Equity markets bounced back from declines in May and rallied in June as the probability of the Fed cutting rates increased and renewed US – China trade hopes developed. The S&P 500 reached all-time highs throughout the month and returned +7.1%. The index also posted the best first half of a calendar year since 1997. All sectors are positive with information technology, consumer discretionary and industrials leading the way.
The dovish tone from global central banks positively impacted investor sentiment and supported asset prices overseas. Both international developed and emerging market equities have recovered from the Q4 2018 drawdown that bottomed near the end of last year. Developed and emerging market returns for the first half of 2019 are 14% and 11%, respectively.
The US 10-year Treasury yield dipped below 2.0% for the first time since 2016. In Europe, France was the latest country to see their 10-year yield fall into negative territory. It’s historically rare to see, but total fixed income ETF flows outpaced total equity ETF flows in the first half of 2019.

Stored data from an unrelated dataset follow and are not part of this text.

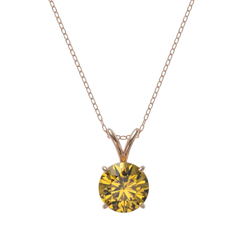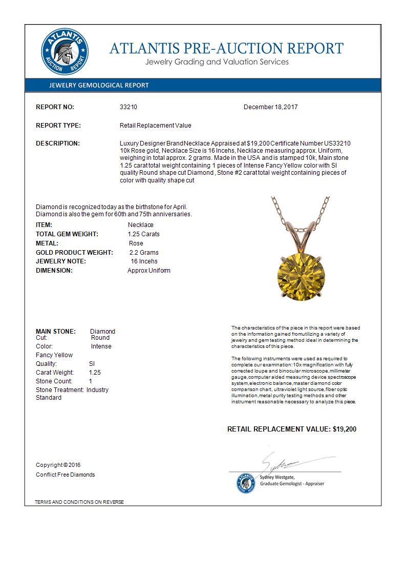 REF-240X2T -33210 ---- 1.25 CTW Certified Intense Yellow SI Diamond Solitaire Necklace 10K Rose Gold ---- Luxury Designer Brand Necklace Appraised at $19,200 Certificate Number US33210 10k Rose gold, Necklace Size is 16 Incehs, Necklace measuring approx. Uniform, weighing in total approx. 2 grams. Made in the USA and is stamped 10k, Main stone 1.25 carat total weight containing 1 pieces of Intense Fancy Yellow color with SI quality Round shape cut Diamond , Stone #2 carat total weight containing pieces of color with quality shape cut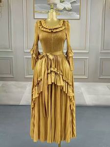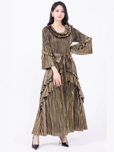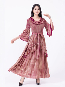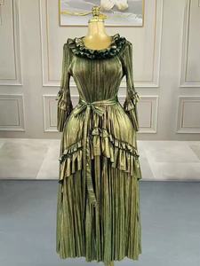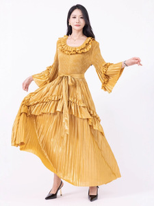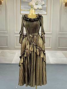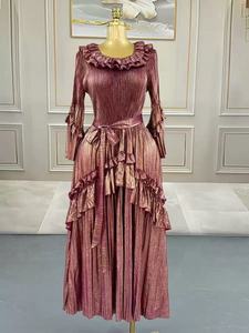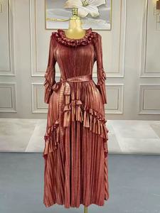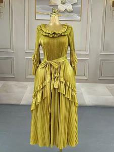 2025 春夏の新ファッションプリーツ気質ドレス痩身プラスサイズパーソナライズプリーツスカートドレス女性のための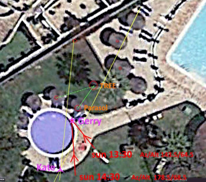 So what we have to do first is evaluating the sun in Praia da Luz on the 3rd May 2007 at 13:30 and at 14:30. This are the time (1) from EXIF-data (13:30) and the time claimed by McCann (14:30) because the cam clock allegedly wasn't correctly adjusted from winter back to summer time. Using astronomical software like →Stellarium we can find the values for (1) Az./Alt. was 143.5 (nearly southeast) / 64.5 ( -25.5 from zenit) degrees and for (2) Az./Alt. was 178.5 (nearly south)/ 68.5 (-21.5 from zenit) degrees. From Exif-Data we also know →hyperfocal plain was 18.8 meters, which gives a distance to Gerry of about the half which is 9.4 meters. Also we know the opening angle of the lens, which was 19.6 degrees. From this data and by analysing the contents of the picture we get using →GoogleEarth the following geometrical situation of the scene:

OPEC agreed to extend production cuts of 1.2mm b/d into 1Q20 at their meeting in Vienna. The cuts mean that supply growth will remain constrained as we enter the peak summer demand season. The Mid-East tensions between the US and Iran should keep oil volatility high as worries over global demand and growth expectations persist. Additionally, tensions are disturbing the global supply side. One big concern is the Persian Gulf, which accounts for approximately 20% of global output. In precious metals, the three main drivers of gold demand (portfolio diversification, inflation hedge and safe-haven asset) could continue to sustain the recent price rally. Midstream energy (including MLPs) and global real estate continue to deliver strong relative performance.
This Financial Landscape represents the consensus of the Oxford Investment Fellows as of 7.11.19.
Statistical data is derived from third party sources believed to be reliable and has not been independently verified by Oxford.
The above commentary represents the opinions of the author as of 7.11.19 and are subject to change at any time due to market or economic conditions or other factors. The information above is for educational and illustrative purposes only and does not constitute investment, tax or legal advice.